Вновь воцарилось молчание, которое прервал капитан:
– А ведь он был бы весьма не прочь пойти на мировую. Приезжал нарочно повидаться с королем. Я как раз находился в Версале, когда ему плюнули вслед.
– С главной лестницы?
– Да.
– И хорошо сделали.
– У нас его прозвали «Бурбон‑Бубон».
– Очень метко, плешивый, прыщавый, цареубийца, фу, пакость какая!
И добавил:
– Мне довелось быть с ним в бою при Уэссане.
– На корвете «Святой дух»?
– Да.
– Если бы он держался на ветре, следуя сигналу адмирала д'Орвилье, англичане ни за что бы не прорвались.
– Совершенно справедливо.
– А правда, что он со страха забился в трюм?
– Болтовня. Но такой слух распространить не вредно.
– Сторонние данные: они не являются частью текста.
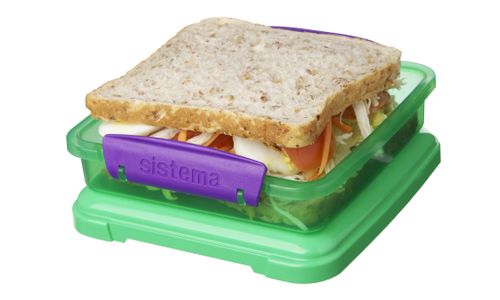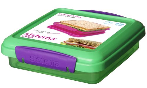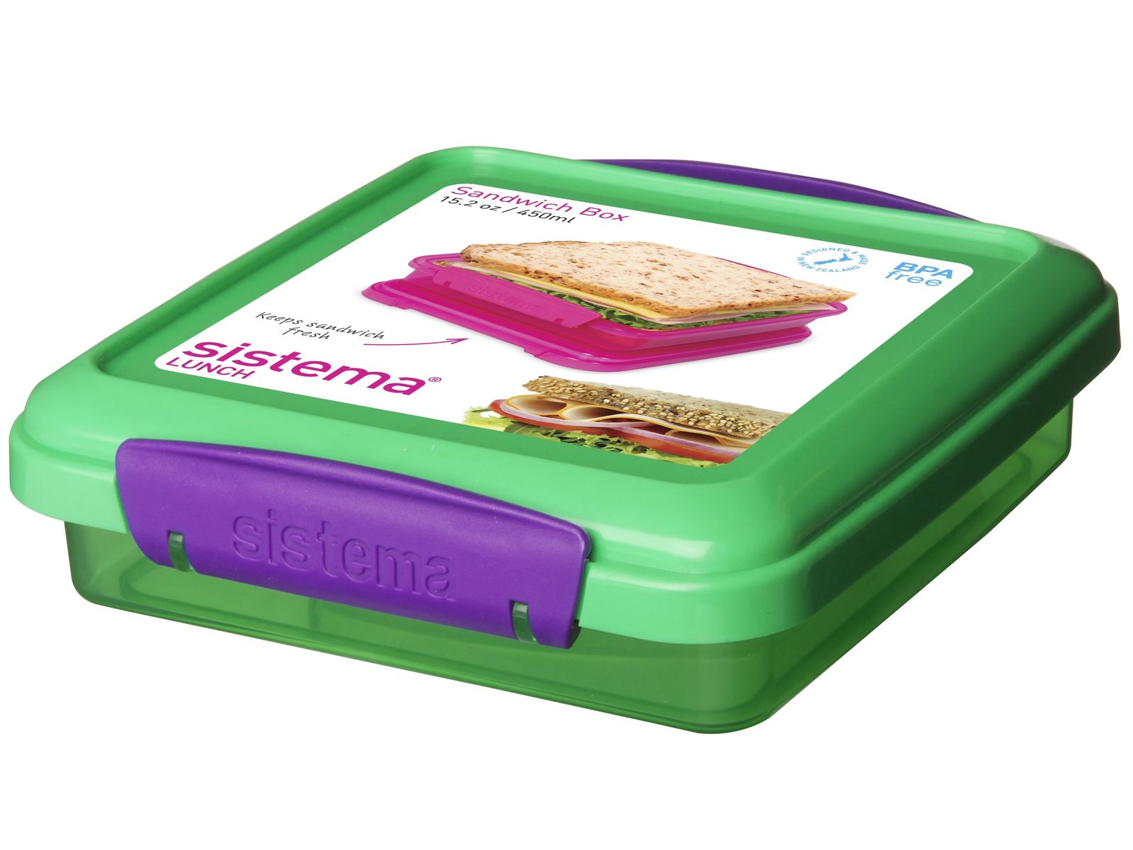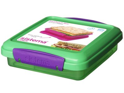 Fleur uw lunch op met de kleurrijke Sistema® Lunch Sandwich Box om ervoor te zorgen dat uw broodje vers en op zijn plaats blijft tot je klaar bent om te eten. Met de eenvoudig te vergrendelen clips en de flexibele afdichting blijft uw broodje langer vers.

И Ла Вьевиль громко расхохотался.
– Есть еще на свете дураки, – продолжал капитан. – Возьмите хотя бы того же Буленвилье, о котором вы сейчас говорили. Я его знал, хорошо знал. Сначала крестьяне были вооружены пиками, а он забрал себе в голову превратить их в отряды копейщиков. Решил обучить их действовать пикой по всем правилам, как положено в воинских уставах. Мечтал превратить дикарей в регулярное войско. Старался научить их всем видам построения батальонных каре. Обучал их старинному военному языку: вместо командира отделения говорил «капдэскадр», как называли капралов во времена Людовика Четырнадцатого. Уверял, что создаст регулярную часть – из этих‑то браконьеров; сформировал роты, и сержантам полагалось каждый вечер становиться в кружок; сержант шефской роты сообщал на ухо сержанту второй роты пароль и отзыв, тот передавал их тем же путем соседу, тот следующему и так далее. Он разжаловал офицера за то, что тот, получая от сержанта пароль, не встал и не снял шляпу. Судите сами, что там творилось. Этот дуралей никак не мог понять одного: мужики хотят, чтобы ими и командовали по‑мужичьи, и что нельзя приучить к казарме того, кто привык жить в лесу. Поверьте, я знаю вашего Буленвилье.
Они молча сделали несколько шагов, думая каждый о своем.
Затем разговор возобновился.
– Кстати, подтвердились слухи о том, что Дампьер[34]убит?
– Подтвердились, капитан.
– На подступах к Конде?
– В лагере Памар. Пушечным ядром.
Дю Буабертло вздохнул:
– Граф Дампьер. Вот еще один из наших, который перешел на их сторону.
– Ну и чорт с ним! – сказал Ла Вьевиль.
– А где их высочества принцессы?
– В Триесте.
– Все еще в Триесте?
– Да.
И Ла Вьевиль воскликнул:
– Ах, эта республика! Сколько бед! Было бы из‑за чего! И подумать только, что революция началась из‑за какого‑то дефицита в несколько несчастных миллионов!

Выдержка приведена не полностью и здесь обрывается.